> [Task requirements] In the data below, find the line with "VP 🐜 Luxe Vandal" and the line with "The report can", then restate both and every line between them exactly, minus the pictures.

> [Materials provided]
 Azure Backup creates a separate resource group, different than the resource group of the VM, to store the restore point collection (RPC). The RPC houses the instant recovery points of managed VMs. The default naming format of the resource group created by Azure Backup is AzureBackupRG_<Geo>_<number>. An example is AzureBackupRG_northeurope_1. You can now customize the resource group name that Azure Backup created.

* * *

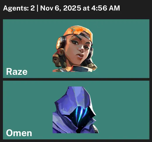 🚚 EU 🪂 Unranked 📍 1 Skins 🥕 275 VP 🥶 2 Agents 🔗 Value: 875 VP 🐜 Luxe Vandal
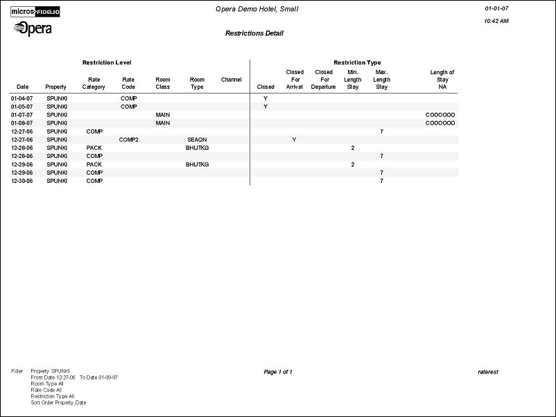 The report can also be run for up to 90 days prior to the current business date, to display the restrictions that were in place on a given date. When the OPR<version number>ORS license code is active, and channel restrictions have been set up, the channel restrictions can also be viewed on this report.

> [Exercise solution]
 🚚 EU 🪂 Unranked 📍 1 Skins 🥕 275 VP 🥶 2 Agents 🔗 Value: 875 VP 🐜 Luxe Vandal
 The report can also be run for up to 90 days prior to the current business date, to display the restrictions that were in place on a given date. When the OPR<version number>ORS license code is active, and channel restrictions have been set up, the channel restrictions can also be viewed on this report.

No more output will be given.